In light of all that, Emmert has decided to go full steam ahead with this clearly flawed and tainted investigation, declaring that the tumor has been excised. Unfortunately, it’s apparent to anyone with any sort of a moral compass or perspective, that the issue here was not an error in judgment by an investigator, but the end result of an organization that puts their bylaws above the rule of the law, and condones any and all actions to continue to enforce their rules. The reason they only found this one instance of malfeasance is because they intentionally only looked here. Many a member institution would love to be judged by the same standard with which the NCAA judges itself.

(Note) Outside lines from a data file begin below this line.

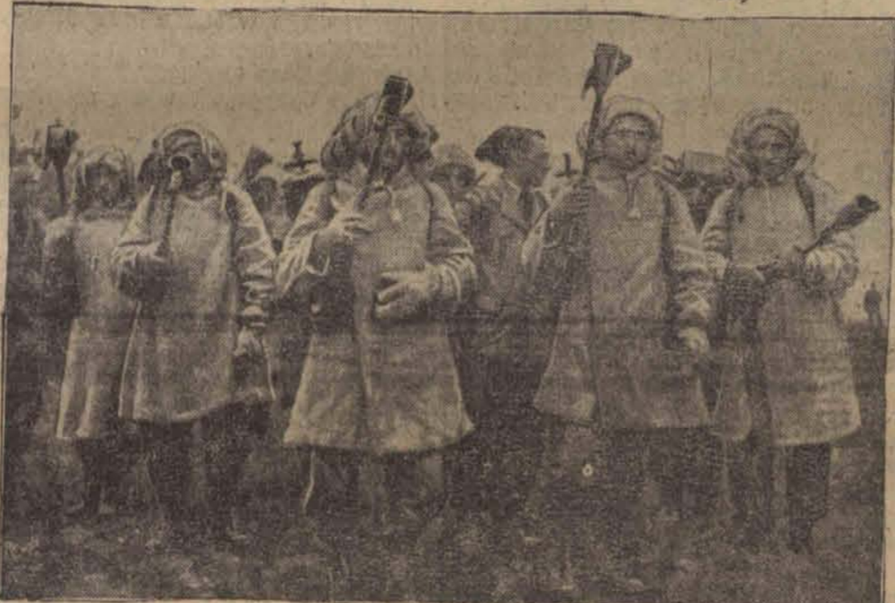
Włoskie wojska zaopatrzone w miotacze płomieni i azbestowe niepalne mundury ochronne.

wierzyły w skuteczność zarządzeń Ligi, to prawdopodobnie w najbliższej przyszłości zgodziłyby się na zawarcie pokoju.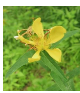
トモエノウ (巴草) 第一隣公園 6月23日~7月5日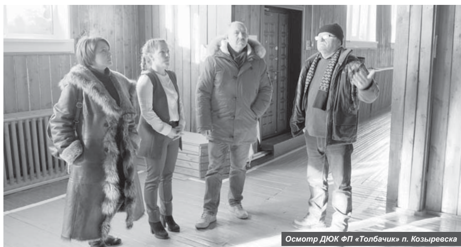
Осмотр ДЮК ФП «Толбачик» п. Козыревска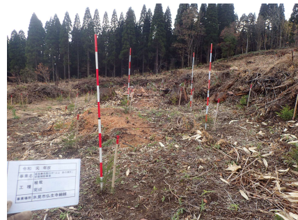
氷見市仏生寺Ⅰ 地内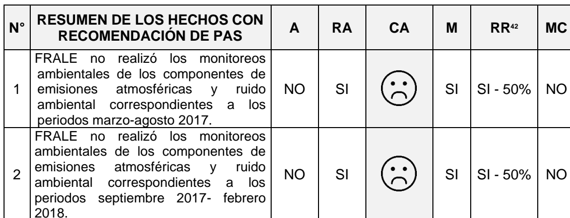
Tabla N° 1: Resumen de lo actuado en el expediente

durante el desarrollo de sus actividades económicas; por ello usted encontrará en la siguiente tabla un resumen de los aspectos de mayor relevancia, destacándose si la conducta fue o no corregida.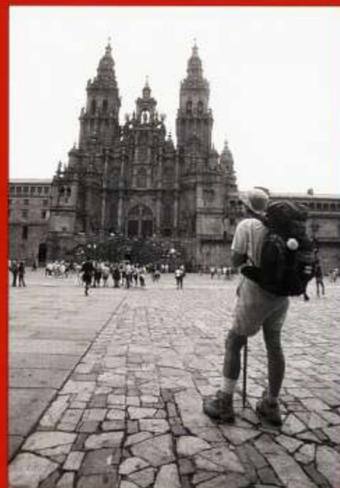
All'arrivo a Santiago, il pellegrino può ottenere la Compostela (qui sotto), cioè il certificato dell'avvenuto pellegrinaggio, dopo aver mostrato la sua credencial su cui sono stati posti i timbri degli ostelli dove ha pernottato.

Questa moderna pergamena viene rilasciata ai pedoni che abbiano camminato almeno 100 chilometri fino a Santiago o ai ciclisti che abbiano percorso almeno gli ultimi 200 e, negli uffici dell'Arcivescovado, un fantastico librone riporta la traduzione più appropriata dei nomi da qualunque idioma possibile al latino, lingua in cui la Compostela è redatta. E le nazionalità dei viaggiatori non sono certo poche, oggi come in passato. "A questo luogo vengano i popoli barbari e coloro che abitano in tutti i climi della terra" sta scritto nel duecentesco Liber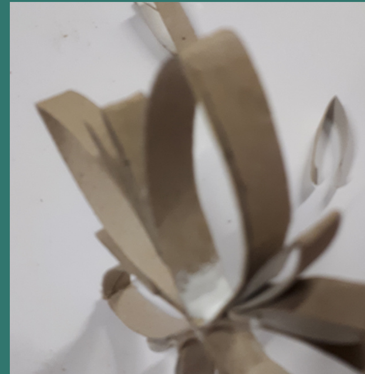
e lo incolliamo all'interno delle asole grandi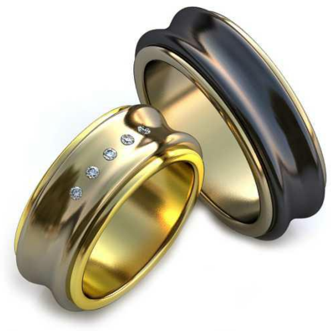
45ж/Р-17/Ш-8,4/Т-2,3/Кр 1.42-5шт./Вес-12,9 45м/Р-19,2/Ш-7,7/Т-2,8/Вес-15,7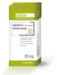
casufloor AB 30 syn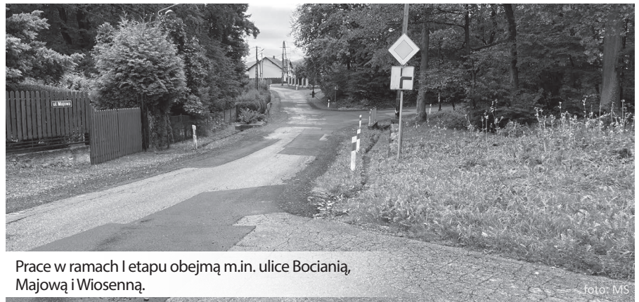
Prace w ramach I etapu obejmą m.in. ulice Bociania, Majową i Wiosenną.

Informacje dotyczące inwestycji: telefonicznie – 33 829-86-52 lub osobiście w Urzędzie Gminy Kozy, pokój nr 23 (II piętro).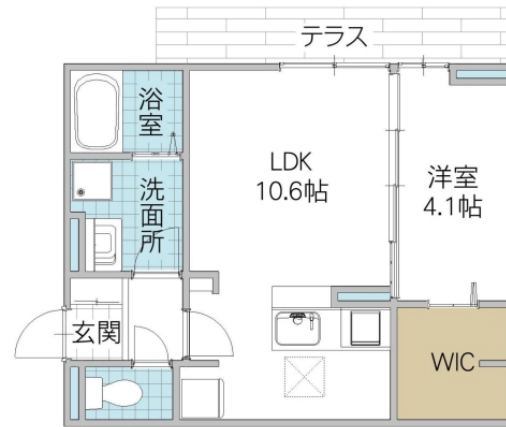
図面と異なる場合は現況優先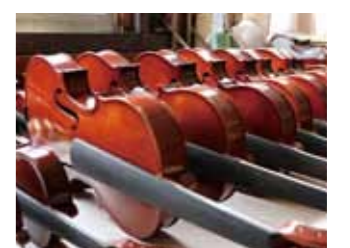
▲とってもきれいなバイオリンなんだナ!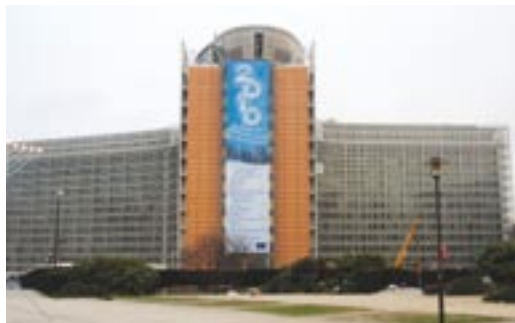
Budova Berlaymont, sídlo Evropské komise v Bruselu.

Kromě uvedených klíčových institucí má EU ještě řadu dalších. Jsou jimi například Evropský soudní dvůr, Evropský účetní dvůr, Evropský ombudsman, Evropská centrální banka, Evropská investiční banka, Evropský hospodářský a sociální výbor, Výbor regionů. Pod EU spadá také řada agentur, které slouží k naplnění různých konkrétních úkolů.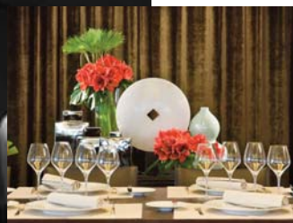
Les Hauts de Lille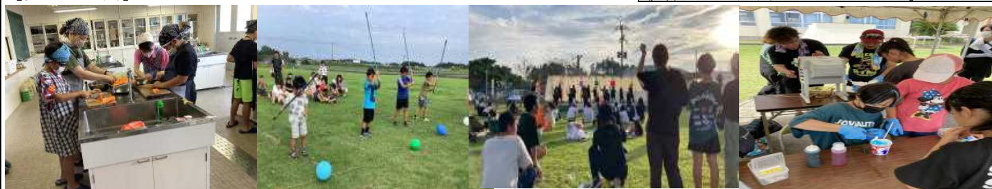
親子ディキャンプ

In punishing Penn State, Emmert said:
Our constitution and bylaws make it perfectly clear that the association exists not simply to promote fair play on the field but to insist that athletic programs provide positive moral models for our students, enhance the integrity of higher education and promote the values of civility, honesty and responsibility.
The sanctions we are imposing are based upon these most fundamental principles of the NCAA.
Now, if only the NCAA could live up to that standard by which they so easily pass judgment on others. I won’t hold my breath, and await a Notice Of Allegations likely to accuse Miami of malfeasance, Lack of Institutional Control, and failure to monitor their program. Oh irony, thy name is Emmert.